70 - “Be here now”
Q: Robert, if our attention is on the senses, we are in the moment. If our attention is on thoughts, we are not in the moment. In human evolution, the brain expanded dramatically. With this new brain, we started having more thoughts, and more advanced thoughts. Our attention was drawn to those thoughts. So we evolved to be more not in the moment. If we want to be more in the moment, we just need to retrain ourselves to put our attention more on the senses.
A: I cannot agree. “Be here now” is an injunction against being lost in thought—not any kind of ultimate “truth”. One may be lost in thought to be sure, but one may also be lost in sensing. I see no superiority to either of those two conditions. Lost is lost. The best case is when you are lost in neither, but simply open and present to whatever may arise, be it a thought, a perception, an emotion, whatever. That is when one is most alive, I say.
My friend Joan Tollifson has said that if we give “open attention to sensations rather than ideas, impermanence is quite obvious, not as an idea we logically understand, but as our direct experience.” As I understood her, Joan was not recommending that one ought to prefer noticing sensations to noticing thoughts. She meant only that, for many of us, it may be easier to notice the fleetingness of sensations than it is to notice the transitory nature of thoughts, many of which, being habitual, seem “stickier” than sensations. This is particularly true of certain kinds of thoughts such as self-judgments, anxieties, and fears, etcetera.
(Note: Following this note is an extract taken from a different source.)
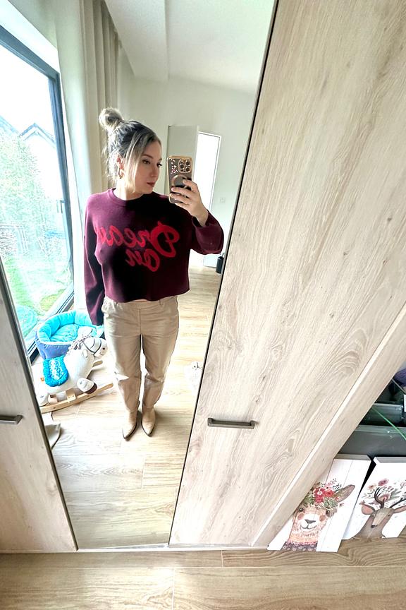 “Taille grand, la taille est élastique et on peut mettre une ceinture. Coupe droite. Très jolie couleur, pour un événement il fait son effet !”

However, one might equally well sit quietly and observe the flow of thought—how a thought rises, unbidden, only to be replaced by the next thought, and the next, and the next… That flow is no different from the flow of sensations. They are, in fact, parts of the same flow, the stream of consciousness.
Sensations, perceptions, feelings, thoughts, emotions—all of it—are occurring constantly, whether noticed or not, and cannot be divided.